Planning Better Snacks
While you may be worrying about meal time, and grocery shopping for it, don’t forget about snack planning. Consumer data suggests that eating patterns are changing. If half of Americans are snacking, with many replacing meals with snacks, it’s then important to make those snacks count. As snacks become more appealing as meal replacements, more healthy options come onto the market. Overall, consumers are choosing healthier packaged snacks, more fruits and vegetables, and smaller portions, than five years ago. This is good news!
The food industry uses consumer market surveys to decide which direction to go. I had the opportunity to sample a new snack created by iconic bean company Bush’s, who has decided to follow the snack trend with some healthy snacks of their own, including roasted chickpeas (A funny side note – years ago I wrote an article titled Beans are Good Food. It is one of my most successful posts to date). These low sugar, crunchy snacks offer up 5 grams of protein and 9 grams of fiber per ounce.
Kids, We’re Having Snacks for Dinner
Families are busier than ever. Relinquish the pressure of family meal time by substituting healthy snacks instead. Make some weeknight “dinners” into snacks. Think of them as mini-meals. You still can sit together and enjoy them as a family, but in less time and with less stress. You can serve these at a dining table or on TV trays or the coffee table. The important thing is to prepare them and enjoy them together.
Involve the children in planning the snack using the following 3 guidelines: 1) It has to include a fruit or vegetable, 2) it has to be made from “real food” (yet potato chips aren’t a great choice), 3) it has to be the right size or amount. In addition to healthy packaged snacks, do continue with the trend to include fruits and vegetables for snack time. While some single-serving packaged foods clearly “look like” a snack, other packaged items can help keep things quick and available during your busy week. If you find that snacks fit into your diet better than meals here are some other convenient snack ideas that can turn a snack into a family meal:
- Plain Greek yogurt topped with flax seed granola and unsweetened canned peaches.
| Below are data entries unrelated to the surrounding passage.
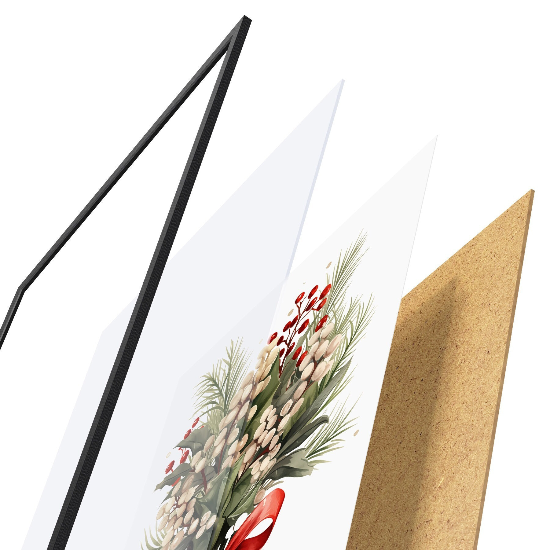 Plakát se skládá z rámu, plexiskla, tištěného obrazu a dřevotřískového podkladu. Díky úchytům na zadní straně lze plakát ihned zavěsit na zeď.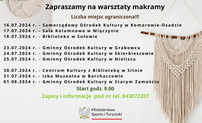 W imieniu Stowarzyszenia Lokalna Grupa Działania Ziemia Zamojska zapraszamy na warsztaty z makramy - 31 lipca w Izbie Muzealnej w Barchaczowie.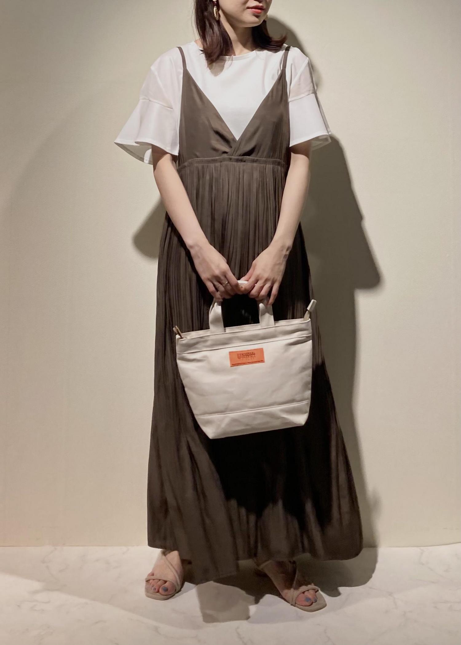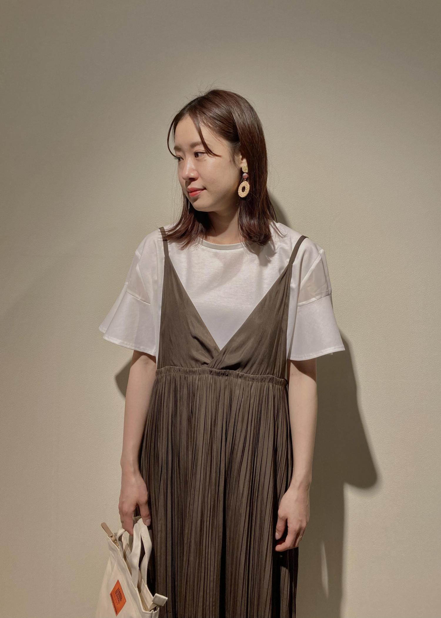 甘めな印象のキャミワンピを、シアーブラウスと合わせて、きれいめさをプラスしました。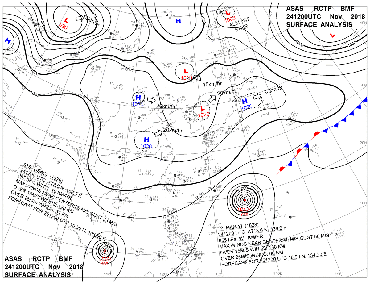 2018/11/24 12z sfcmap 天氣圖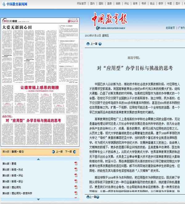 自2006年升本以來,我校著力圍繞發(fā)展、把握大局,適應社會發(fā)展趨勢和對人才的需求,立足高等教育發(fā)展實際和自身定位,制定了建成特色鮮明、多學科協調發(fā)展的應用型本科院校的辦學定位。7月12日,《中國教育報》刊登校黨委副書記左曉民署名文章《商洛學院:對“應用型”辦學目標與挑戰(zhàn)的思考》,介紹了我校應用型的辦學定位與目標,從辦學理念、辦學體系、制度創(chuàng)新等方面闡述了對建設應用型本科高校的思考。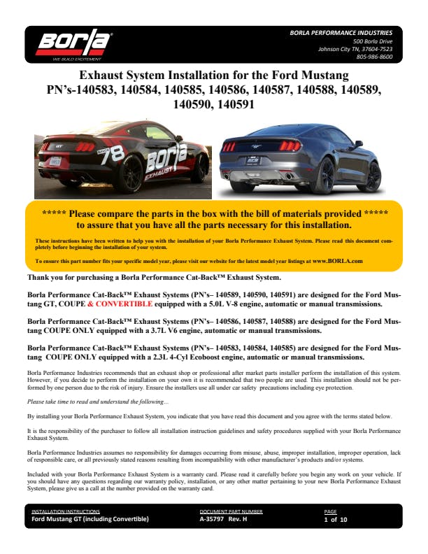 Mustang 2.3L EcoBoost/ 3.7L V6 2015-2020 Cat-Back Exhaust System S-Type Part # 140584 |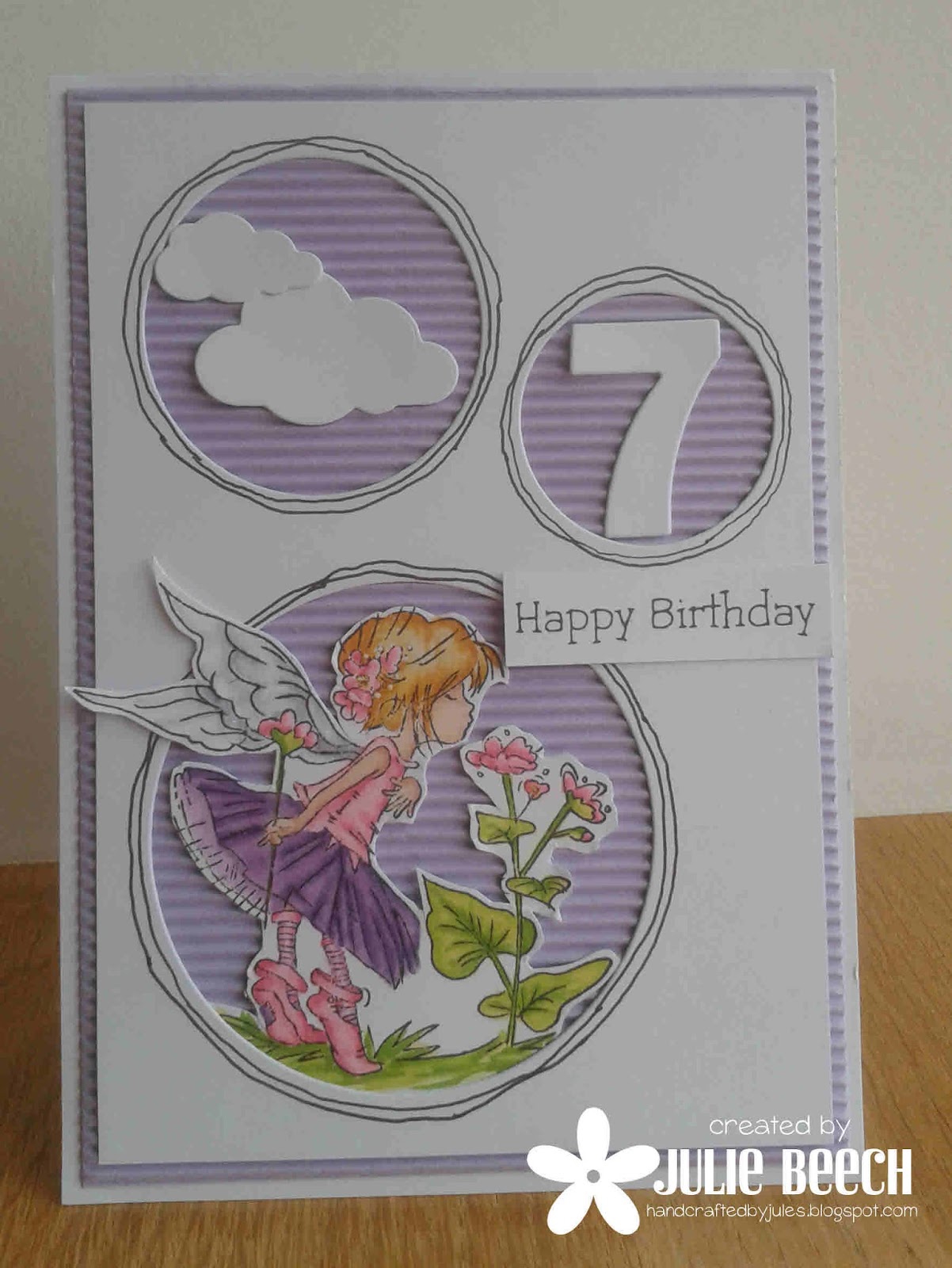 I cut some circles from my top panel then went in search of some DP from the stash to place under it so I could colour my fairy to match. I am honestly trying to use up my enormous pile of DP but in the end I used some corrugated lilac card. I coloured the fairy using Copics and then fussy cut her and popped her behind the largest circle, wings outside. I did add a little crystal Stickles to the wings but it was so fine it didn't show up in the photo! The clouds and 7 were die cut from some scraps of white card.

- Flavored tuna or salmon pouches. Adding herbs and spices to tried and true foods can make them more appealing and add variety to your eating experience. Let everyone choose a flavored pouch, and add a plate of raw veggies and whole grain crackers to the table to eat along with it.
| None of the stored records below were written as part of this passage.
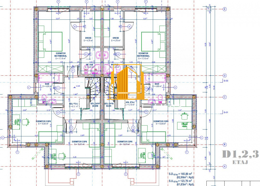 ✅ Etaj: 3 dormitoare dintre care unul este matrimonial (cu baie și dressing), baie comună și hol de acces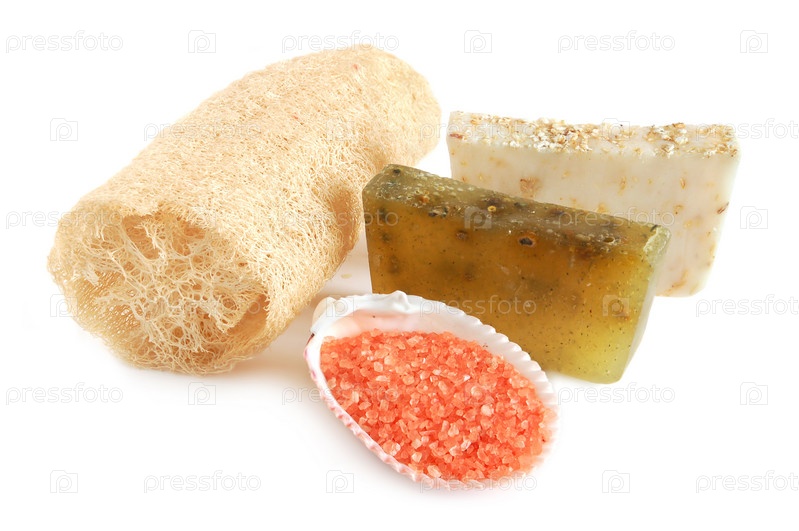 Куски мыла, люфа и соль на белом фоне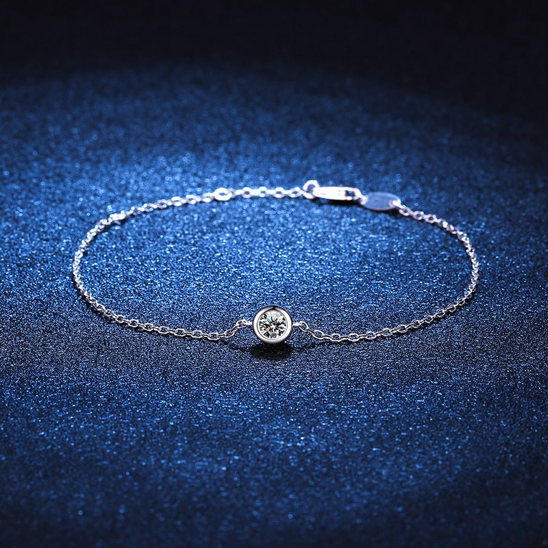 Sterling Silver Moissanite Solitaire Bracelet with Platinum Plating

- Nuts and nut bars. Look for bars that are low in sugar and contain nuts. Be careful however, some “nutrition bars” are really glorified candy bars.
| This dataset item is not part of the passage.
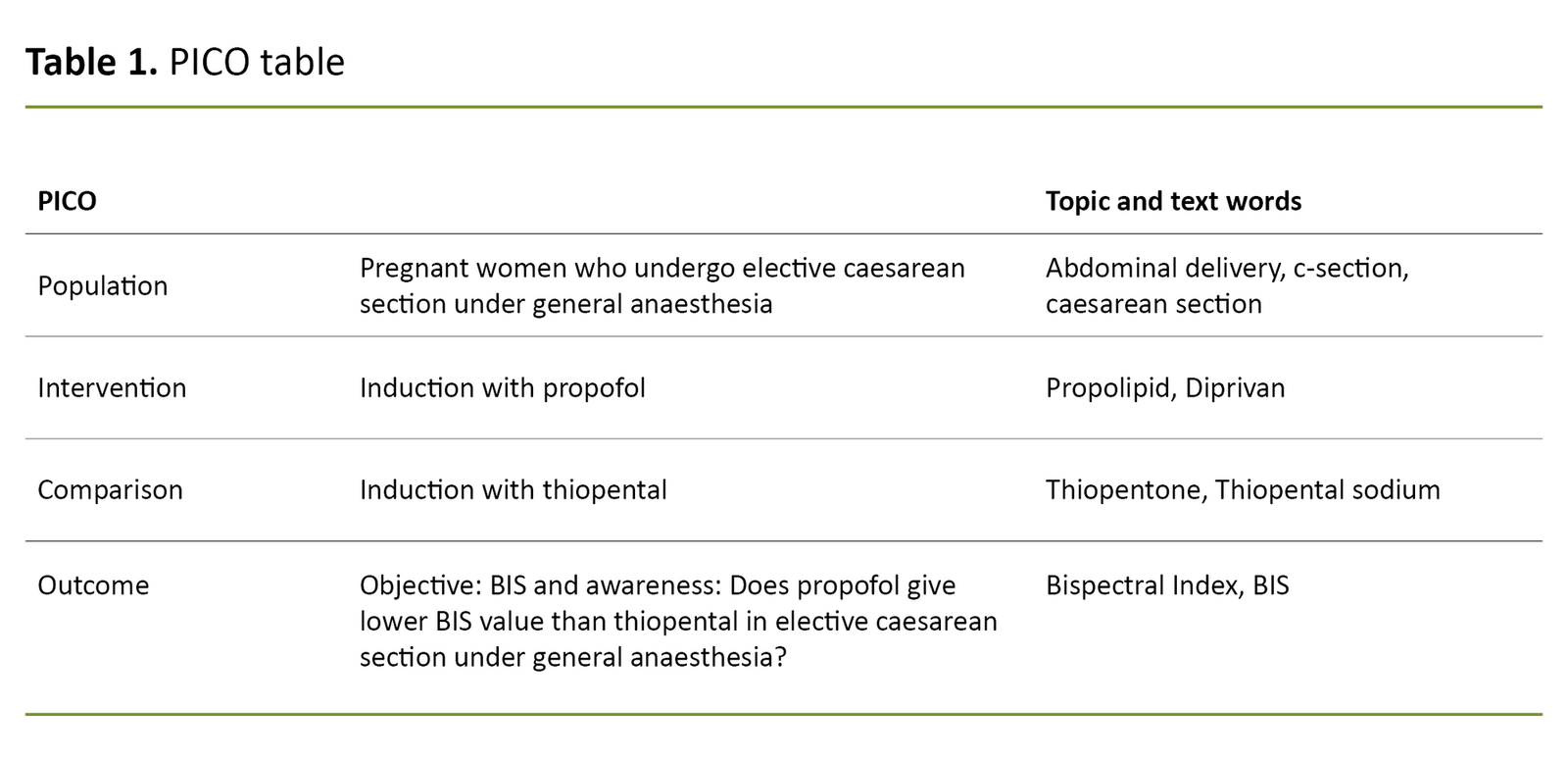 The aim of this systematic review was to investigate whether there is a difference in BIS values throughout the whole course of anaesthesia following induction with propofol versus thiopental in elective caesarean section. The following research question is addressed:

- Sometimes you really want a chip right? Instead of regular potato chips, try some of the baked chips or a tortilla chip. Bush’s is launching a new Bean Chip that has similar calorie and fat numbers to tortilla chips, but with twice the protein and four times the fiber (and they taste great). Serve these along with a bean dip or salsa and some carrot sticks. Add a glass of milk or sparkling water.
- Sit down together, and enjoy bowl of cereal. You can’t beat the nutrition in a bowl of ready-to-eat cereal. Most are fortified with iron, vitamins and minerals, and many contain whole grains (a great source of fiber). Look for 3 grams of fiber or more, and 10 grams or less of sugar. Create a “cereal buffet bar” for dinner. Set out 3-4 types of healthy cereal. Include calcium and protein-rich low fat milk, and offer sliced bananas, fresh blueberries, or canned peaches for toppings and extra nutrition.
- Sit at the coffee table with Cheesy Toast. Top slices of bread with slices of cheese and toast in the toaster oven until the cheese melts. Cut them into triangles and serve these slices along with apple or pear slices and a glass of milk.
Bush Beans provided me with free samples of their new snack products, but did not pay for this post. My thoughts and opinions here are my own.